Supplied information:
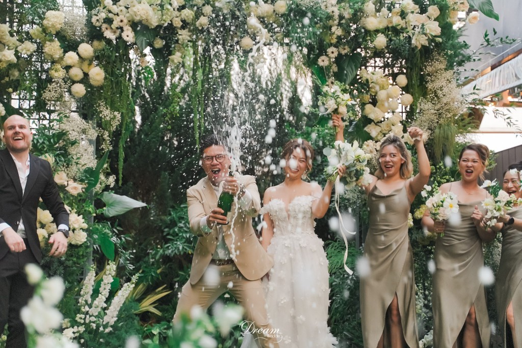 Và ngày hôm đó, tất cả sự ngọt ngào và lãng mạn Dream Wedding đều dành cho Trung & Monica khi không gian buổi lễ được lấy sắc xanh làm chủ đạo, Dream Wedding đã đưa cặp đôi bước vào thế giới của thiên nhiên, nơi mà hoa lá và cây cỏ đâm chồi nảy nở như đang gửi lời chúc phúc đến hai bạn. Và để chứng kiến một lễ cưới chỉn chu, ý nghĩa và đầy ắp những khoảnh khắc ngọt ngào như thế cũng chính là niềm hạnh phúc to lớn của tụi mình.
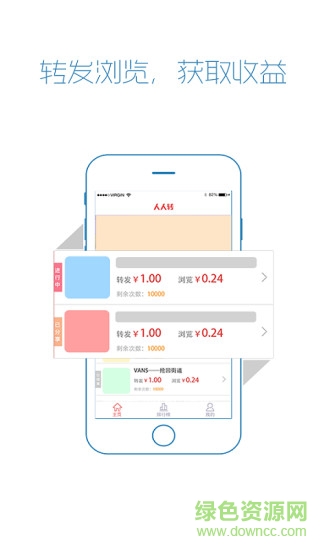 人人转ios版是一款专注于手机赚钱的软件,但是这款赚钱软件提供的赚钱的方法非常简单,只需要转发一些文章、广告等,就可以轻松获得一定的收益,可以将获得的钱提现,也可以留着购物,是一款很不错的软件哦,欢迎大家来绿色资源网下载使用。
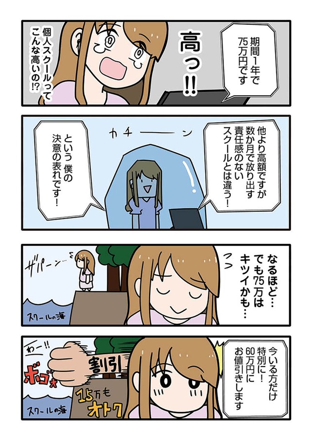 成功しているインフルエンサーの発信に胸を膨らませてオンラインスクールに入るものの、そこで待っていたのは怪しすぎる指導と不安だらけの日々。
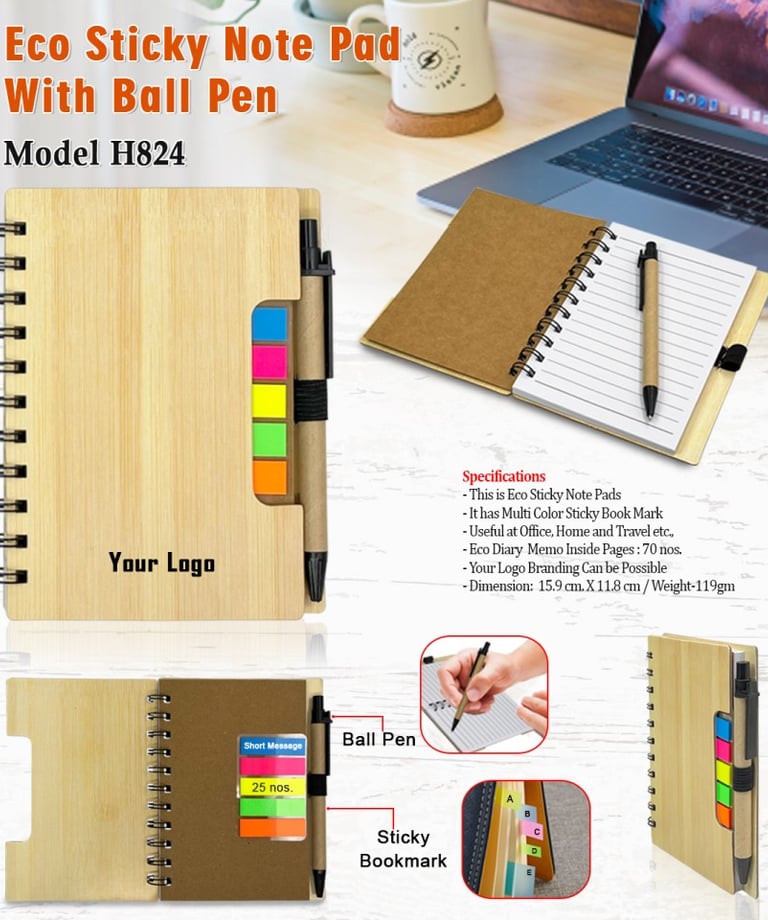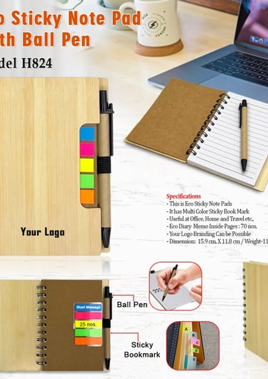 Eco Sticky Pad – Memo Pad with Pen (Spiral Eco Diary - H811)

...

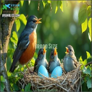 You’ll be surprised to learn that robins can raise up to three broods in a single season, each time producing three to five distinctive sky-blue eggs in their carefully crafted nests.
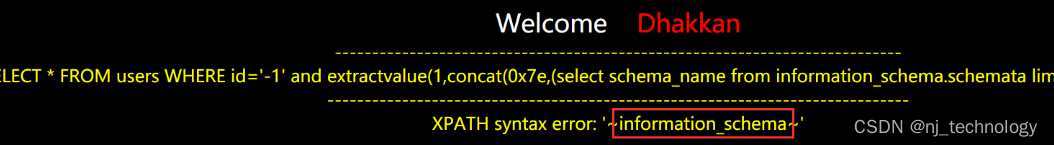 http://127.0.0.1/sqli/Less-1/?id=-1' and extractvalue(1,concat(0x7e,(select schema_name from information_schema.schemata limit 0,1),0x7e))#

...

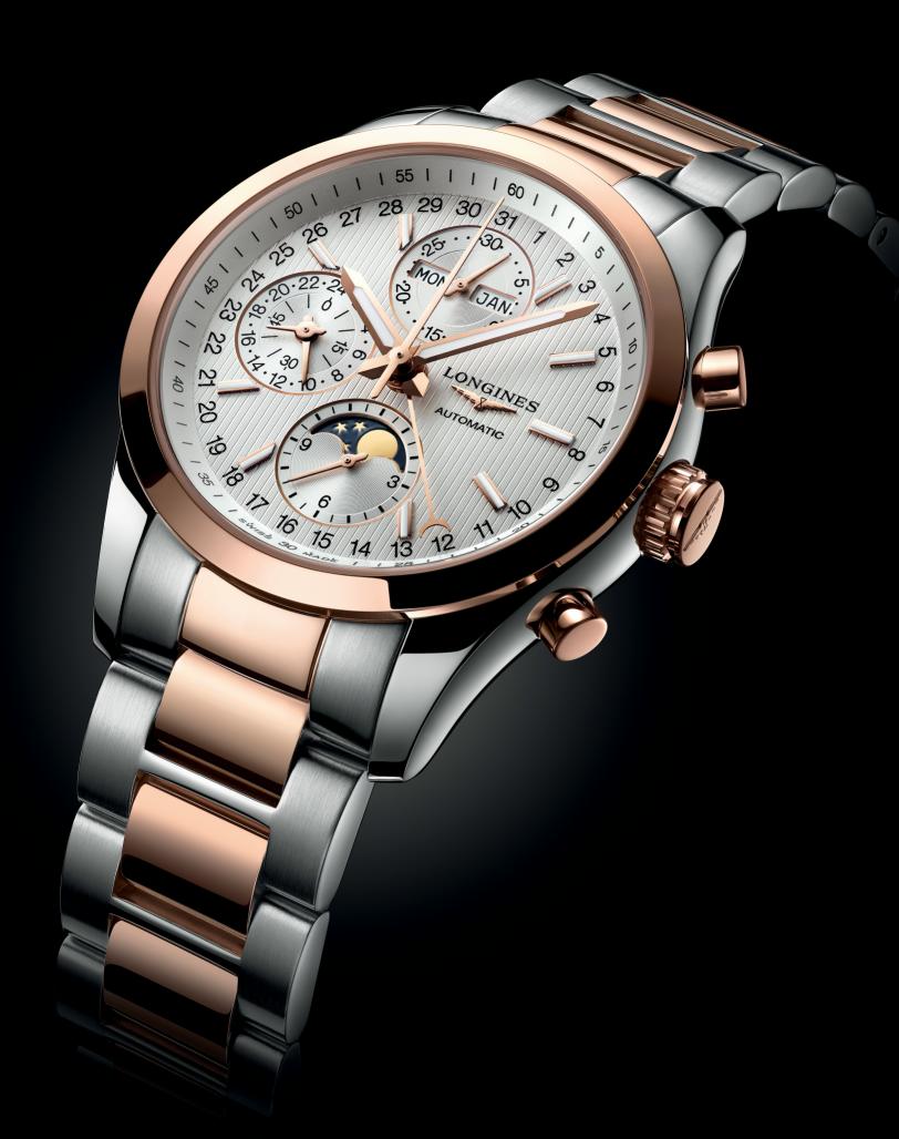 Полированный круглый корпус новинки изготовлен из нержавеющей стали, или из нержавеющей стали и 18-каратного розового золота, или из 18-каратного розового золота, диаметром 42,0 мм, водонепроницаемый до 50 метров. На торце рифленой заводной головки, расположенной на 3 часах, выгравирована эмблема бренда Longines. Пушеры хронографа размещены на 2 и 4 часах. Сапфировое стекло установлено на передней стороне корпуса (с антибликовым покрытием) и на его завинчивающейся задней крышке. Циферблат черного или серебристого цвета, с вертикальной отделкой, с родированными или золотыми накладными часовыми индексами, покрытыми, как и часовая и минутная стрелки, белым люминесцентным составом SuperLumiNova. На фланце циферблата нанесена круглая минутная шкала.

Task instructions:
Please repeat, exactly as written, the lines in the records above, starting with the one that has "Và ngày hôm" and going on through the one that has "Eco Sticky Pad". Pictures are to be left out.

Solution for this exercise:
 Và ngày hôm đó, tất cả sự ngọt ngào và lãng mạn Dream Wedding đều dành cho Trung & Monica khi không gian buổi lễ được lấy sắc xanh làm chủ đạo, Dream Wedding đã đưa cặp đôi bước vào thế giới của thiên nhiên, nơi mà hoa lá và cây cỏ đâm chồi nảy nở như đang gửi lời chúc phúc đến hai bạn. Và để chứng kiến một lễ cưới chỉn chu, ý nghĩa và đầy ắp những khoảnh khắc ngọt ngào như thế cũng chính là niềm hạnh phúc to lớn của tụi mình.
 人人转ios版是一款专注于手机赚钱的软件,但是这款赚钱软件提供的赚钱的方法非常简单,只需要转发一些文章、广告等,就可以轻松获得一定的收益,可以将获得的钱提现,也可以留着购物,是一款很不错的软件哦,欢迎大家来绿色资源网下载使用。
 成功しているインフルエンサーの発信に胸を膨らませてオンラインスクールに入るものの、そこで待っていたのは怪しすぎる指導と不安だらけの日々。
 Eco Sticky Pad – Memo Pad with Pen (Spiral Eco Diary - H811)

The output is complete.